A terceira e última característica que cito aqui é a da imparcialidade. Espera-se, pelo menos em tese, que magistrados sejam imparciais. Que antes de emitir uma sentença ESTUDEM o resultado das investigações e ANALISEM a veracidade e procedência dos fatos. Se não for assim, se um magistrado não for imparcial, não existe aplicação possível da lei, muito menos de justiça, que como já disse, é algo infelizmente bem parco no Brasil. O mesmo comportamento, formando uma tríade com os demais, se aplica a comentários públicos. Um magistrado não deve se pronunciar sobre casos criminais que NÃO CONHECE em público.
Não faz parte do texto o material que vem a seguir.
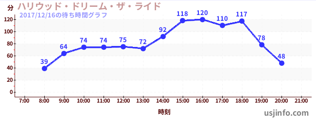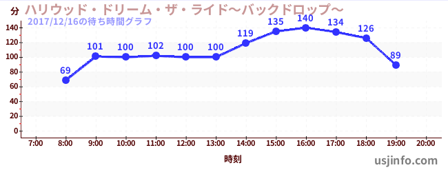 • ハリウッド・ドリーム・ザ・ライド〜バックドロップ〜$B$N(B2017年12月16日の待ち時間

Ora, ao comentar em uma rede social o assassinato da vereadora Marielle Franco, a Sra contrariou TODAS as características que cito, contrariou o mínimo que se espera de um magistrado.
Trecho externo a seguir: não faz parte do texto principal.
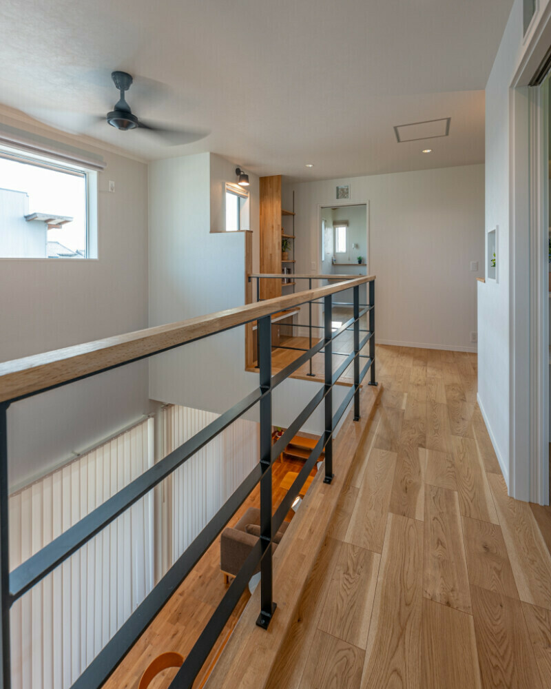 アイアン手摺のおかげでより広々開放的な空間に。2Fホールは一部フリースペースになっています。

Comentou um caso grave de assassinato em uma rede social pública, ou pelo menos em uma comunidade desta rede que tem muitas pessoas, portanto não pode ser considerada privada. Afirmou que a vereadora assassinada teria ligações com o tráfico, tornando suas palavras, de alguém que detêm poder e responsabilidade, uma “verdade” caluniosa e difamatória reproduzida exaustivamente por internautas preconceituosos ou pouco esclarecidos, que viram nas palavras de uma desembargadora uma explicação definitiva. Nesse momento a Sra. demonstrou um comportamento indiscreto e imprudente, indigno do cargo e da responsabilidade que detém.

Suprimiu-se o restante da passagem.